In July 2003, a UNESCO declaration was published regarding the city of Tel Aviv and the White City area individually, as a world heritage site.

This announcement adds the White City in Tel Aviv to the Old City in Acre and Masada as additional heritage sites for preservation in Israel. UNESCO is an official organization of the United Nations that is responsible for educational, scientific and cultural issues around the world and thus also for determining various sites in the world that deserve special preservation and attention, ranging from extraordinary natural sites to man-made sites.
Tel Aviv UNESCO declaration – thanks to the Bauhaus

The UNESCO declaration from 2003 positioned Tel Aviv very positively and allowed the municipality
Leverage it from a tourism and real estate point of view for development, preservation and positioning of the area as an even more desirable destination.
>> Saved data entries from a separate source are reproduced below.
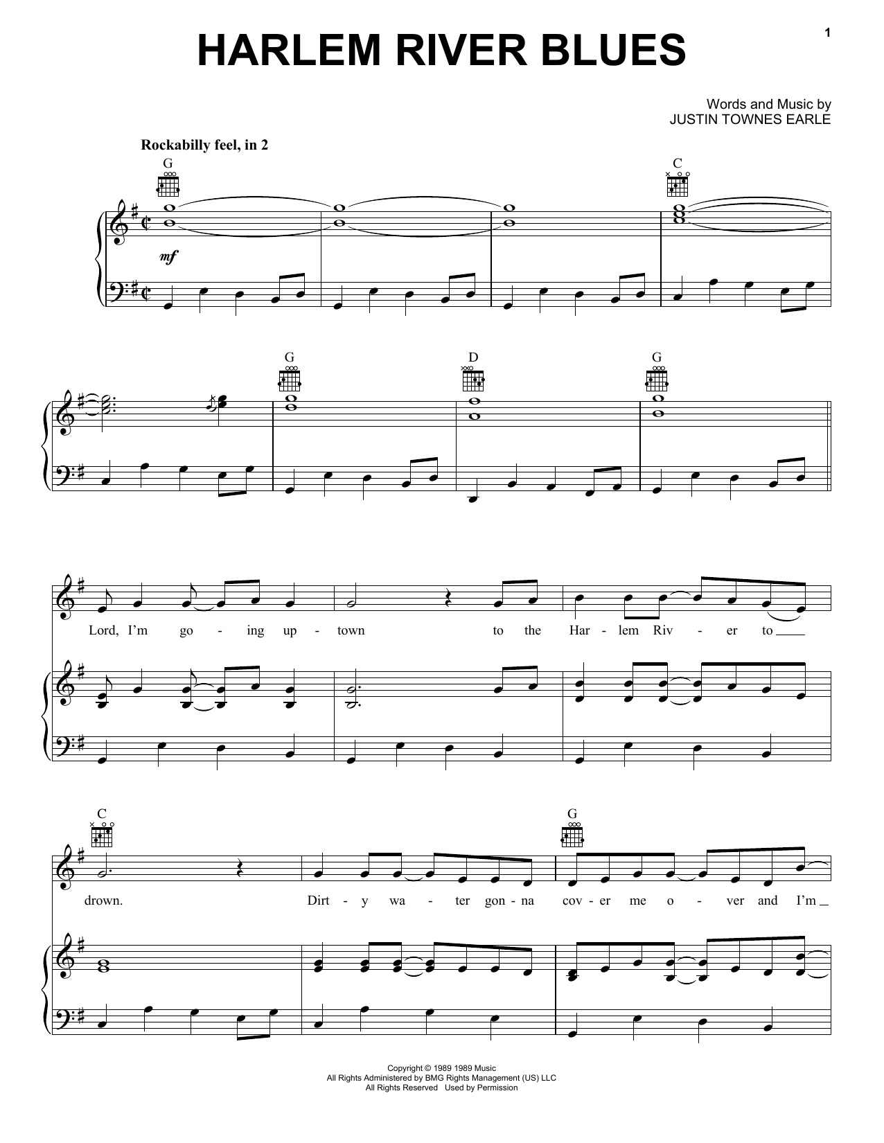 Justin Townes Earle Harlem River Blues sheet music, chords, lyrics - Printable PDF for Piano, Vocal & Guitar (Right-Hand Melody)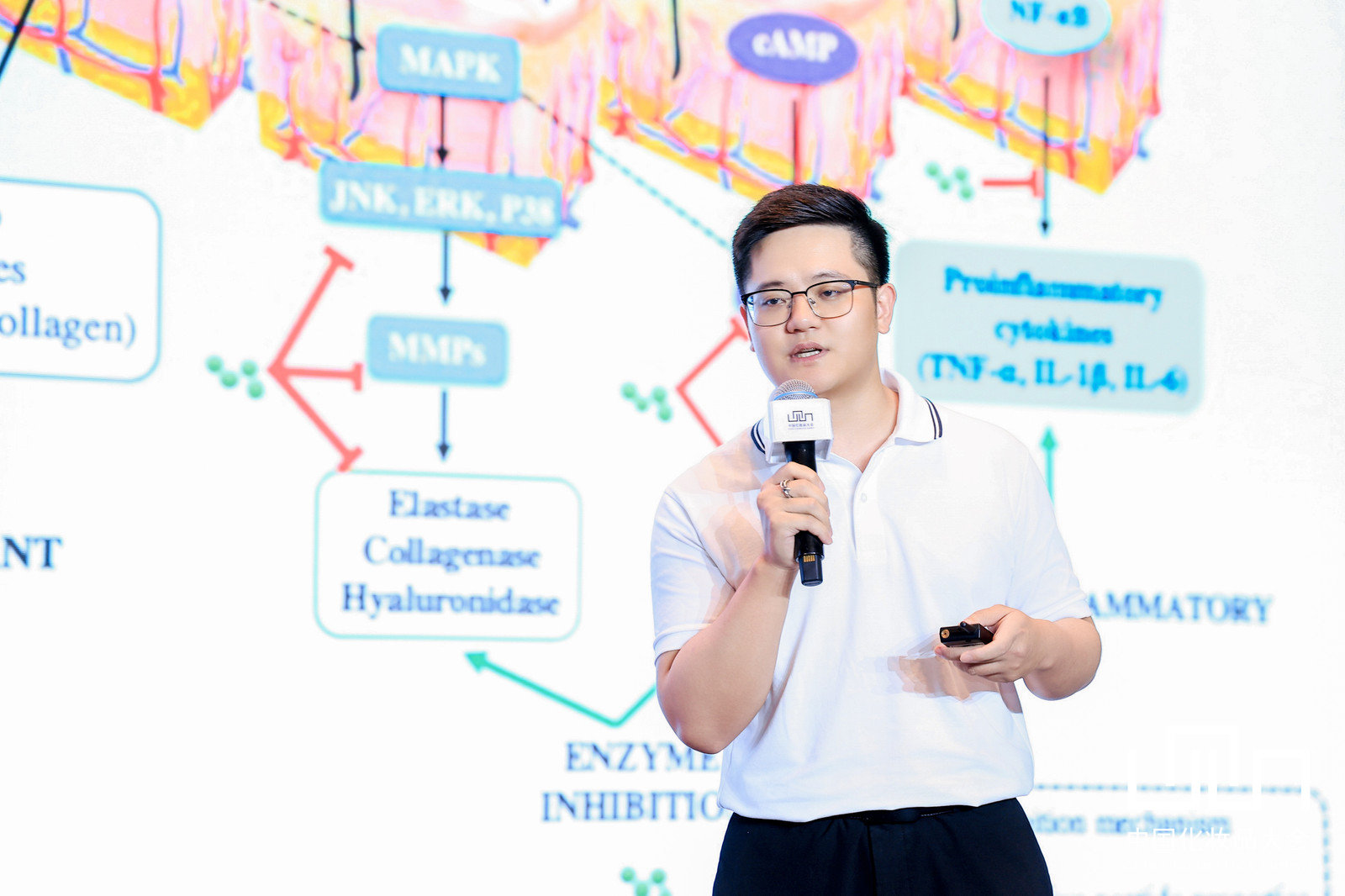 現(xiàn)場,上美股份科學(xué)傳播總監(jiān)鐘濤帶來了《探索肽類原料開發(fā)的創(chuàng)新與挑戰(zhàn)——多肽到環(huán)肽之路》的主題演講。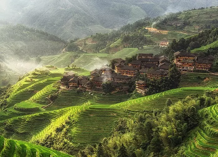 Ping’an is beroemd vanwege de prachtige ligging midden in de prachtige rijstterrassen van Longji, die zich uitstrekken tot zover het oog reikt. Longji betekent ‘rug van de draak’, en dat is precies hoe de heuvelachtige rijstterrassen eruit zien. Het is niet moeilijk te begrijpen waarom deze rijstterrassen worden beschouwd als de mooiste ter wereld, en waarom ze dichters, fotografen en toeristen van heinde en verre aantrekken. Ze zijn gigantisch, betoverend en indrukwekkend! Lang geleden waren het de voorouders van de Zhuang die deze terrassen hebben aangelegd. Ze liggen tegen de steile berghellingen aan op een hoogte van 300-1100 meter.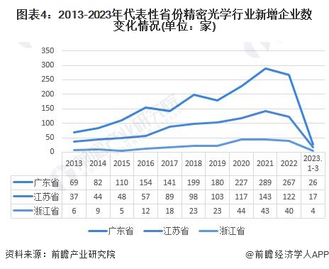 根据以上分析可知,精密光学产业链企业主要分布在广东、浙江、江苏等沿海发达地区;根据企查猫数据显示,以广东、浙江、江苏为例,沿海发达省市的精密光学行业历年新增企业数量呈上涨态势;2022年,广东省精密光学行业增企业数达到267家,江苏省精密光学行业增企业数达到122家,浙江省精密光学行业增企业数达到40家,沿海发达省市精密光学行业市场火热。

The UNESCO declaration of the White City area was due to the high concentration, which is
The largest in the world, of buildings built in the international style of architecture, buildings that sell
More in Israel called Bauhaus after the school of architecture in Germany where the style was born.
The Tel Aviv area, and especially the White City, includes approximately 4,000 Bauhaus buildings built from the 1920s to the 1960s. In this high concentration of international style buildings, Tel Aviv presents a great architectural uniqueness. Beyond Tel Aviv, only 7 other cities received the title of World Heritage Site until the UNESCO declaration of 2003 in Paris.
The White City of Tel Aviv

The origin of the name the White City, thanks to which Tel Aviv was declared as part of the UNESCO declaration, is the white plaster that is found on almost all Bauhaus buildings in the area. Over the years, the white color dominated the area and as long as this style of architecture dominated, the entire northern and central area of ​​old Tel Aviv was white and had buildings Particularly impressive.This is a unique historical and urban fabric in Israel and in the world.
The UNESCO declaration divided the White City into three areas that were awarded the title of heritage site
worldwide for conservation. In general, this is about the area of ​​Tel Aviv west of Ibn-Gavirol street and by the sea
Nahal Yarkon in the north and Selma Street in the south. Beyond the unique Bauhaus buildings, which are characterized
With clean exterior lines and sometimes rounded, impressive balconies and very elegant beauty next to a building
A useful and unique interior, the area of ​​Tel Aviv defined by the UNESCO declaration was planned in advance
As a green garden city with wide and beautiful boulevards.